I'm not the only one who thinks the Elf on the Shelf is Creepy with a capital C. Some of my friends skip the whole spying part of the story and just entertain their kids by concocting wild poses and mischief for their elf each day. But as I watch these parents searching for new ideas and posting about how tired they are of their elves every year, I have to wonder: Did any of us really need another holiday "must" in a season already chock-full of them?
The holidays are wonderful — and exhausting. I don't know a single parent who sits around talking about how much they wish they had even more to do every damn day in December. So why on Earth have we bought into this ridiculous Elf on the Shelf craze? It's nothing but an excuse to sell everything from the elves themselves to a full line of merchandise, and while I can appreciate the hustle, I'm going to have to bow out of this particular frenzy. Sorry not sorry, kids, but you're not getting an official Elf on the Shelf Saint Bernard stuffy this year, and you'll have to skip the Elf on the Shelf pajamas too.
Call me Scrooge, but there's enough on my plate already. Besides, I'm just not willing to lie to my kids in the name of holiday "magic." There's nothing magical about lying to my kids, whether it's about my inglorious past or the existence of Santa Claus or the Elf on the Shelf. I want my kids to know they can trust me and that I'm someone who tells the truth — all the time, not just when I decide it matters. I still remember when I found out that Santa wasn't real, and it's not something I want my own kids to experience. We can have plenty of holiday magic without relying on chubby old men and stalker elves. Promise.

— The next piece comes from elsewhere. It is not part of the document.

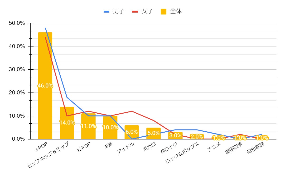 「J-POP」は男女ともに根強い人気があり、また2位の「ヒップホップ&ラップ」については、TikTokで使用されている楽曲に多いことや、トレンドカルチャーの影響を受け、「K-POP」を抑える結果となりました。
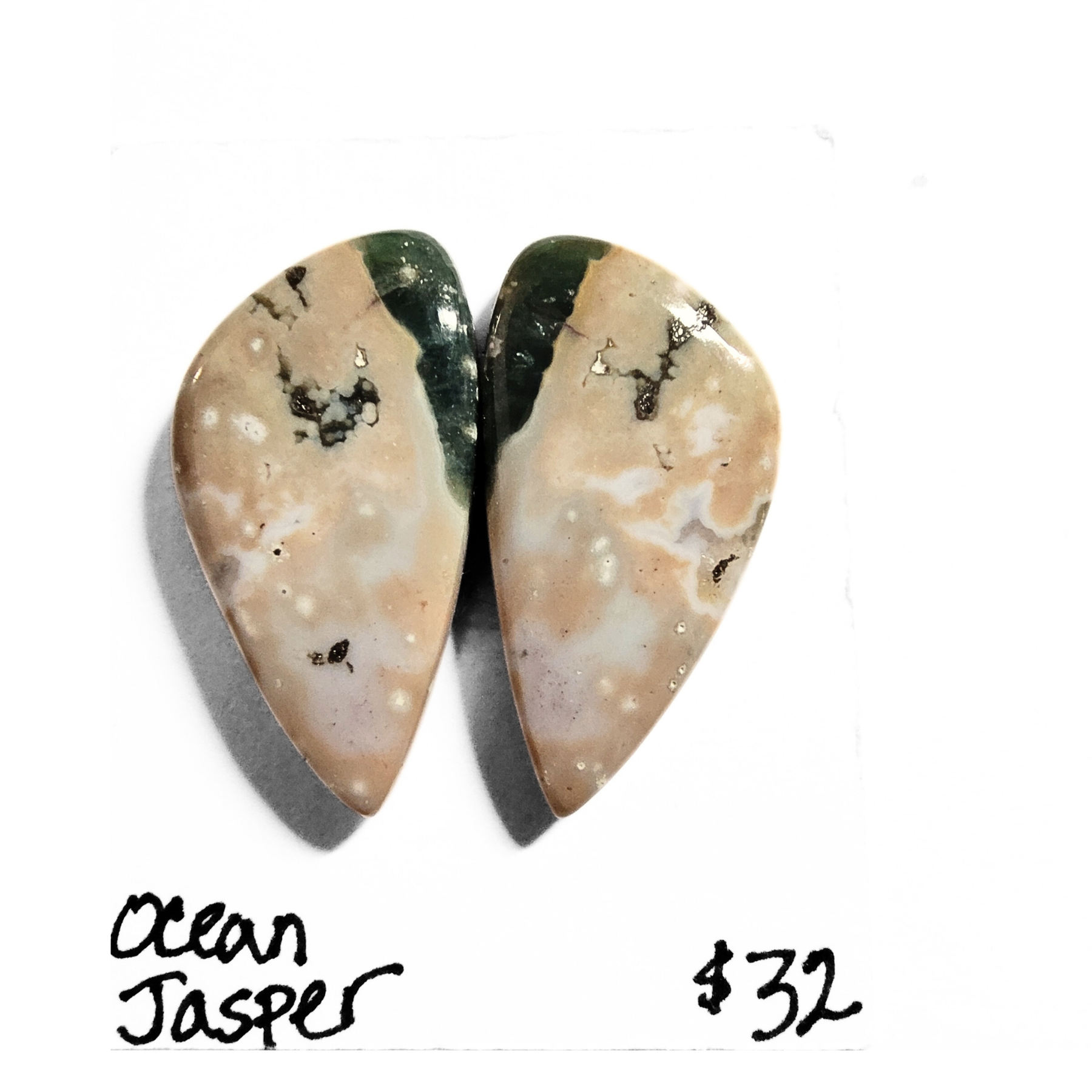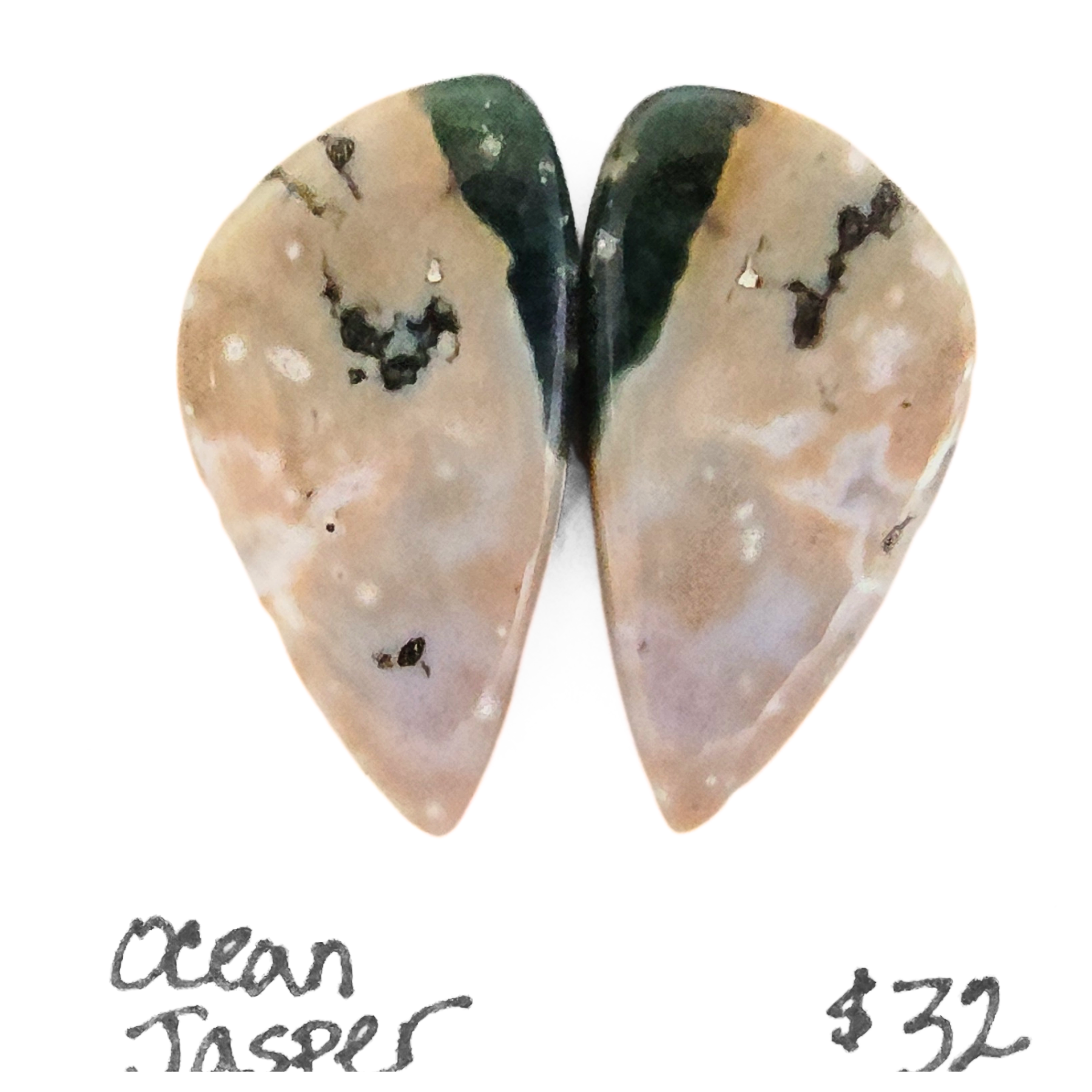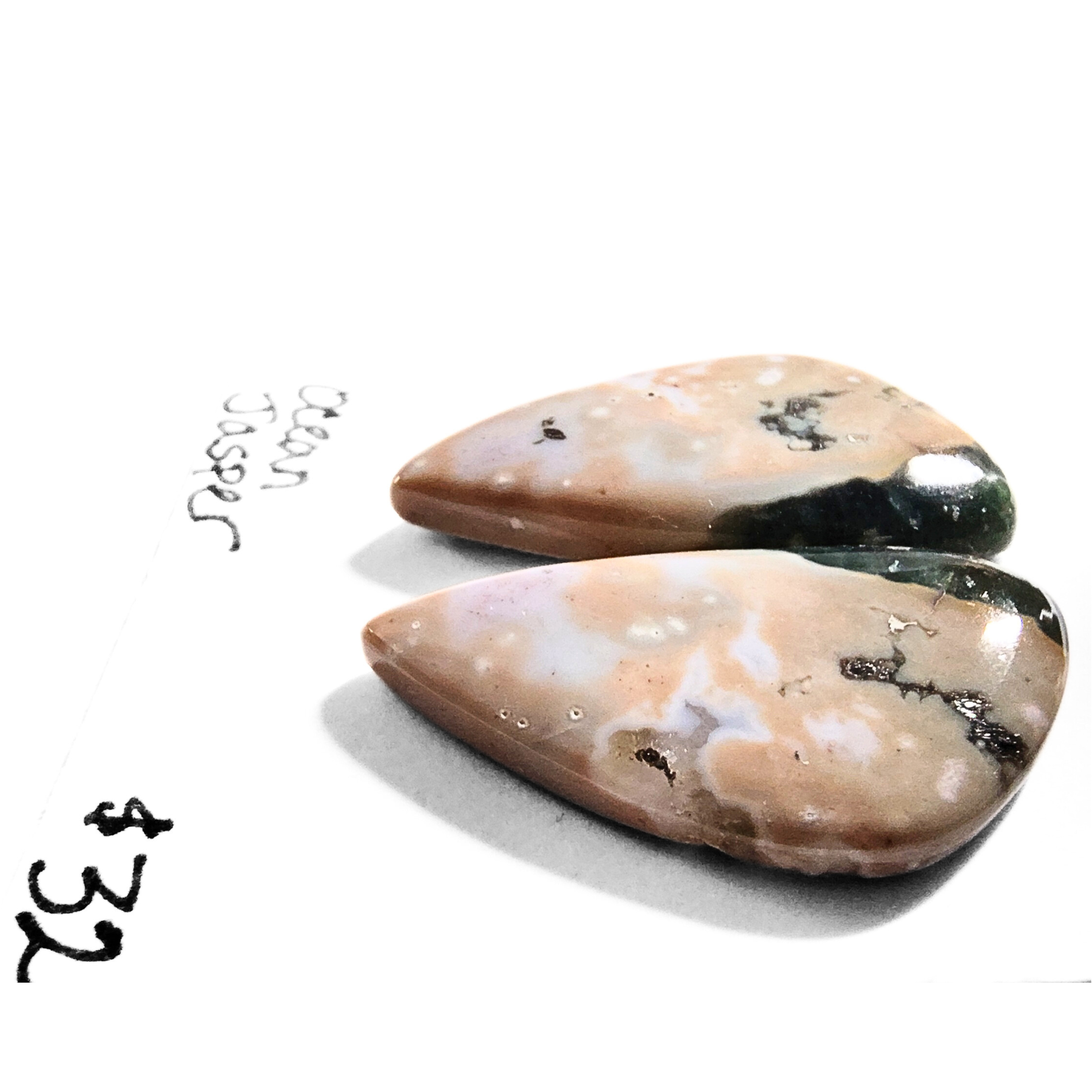 Two rounded triangle shaped cabochons with soft hues of mauve, green, tan, white, and gray with characteristic orbicular forms and beautiful banding. These fabulous well-matched stones are perfect for a pair of earrings, rings, a pair of pendants or combine for a gorgeous bracelet. Approximately 14mm x 8mm.

And here's a newsflash for you: Not everything has to be magical for your kids. I've had my fill of trying to Pinterest my way into the parenting Hall of Fame, and I'm here to tell you there's nothing there but exhaustion and regret. Our kids will be just fine with a little less magic, and we'll be better off for remembering that we're people with our own interests and lives outside of our kids, too.
Of course, if you really, truly love coming up with new poses for your beloved elf, then have at it. Who am I to deprive you of a little fun? Just maybe stop spinning him as a living, breathing stalker to your kids. Trust me, you can still have fun without convincing your kids that every mistake they make will be going straight to Santa.
But if you secretly wish that elf would take a one-way trip to the landfill? I'm here to tell you it's okay. You're officially off the hook. You can hide that little creeper under the coffee grounds and the child art, and no one will ever be the wiser. It'll be our little secret.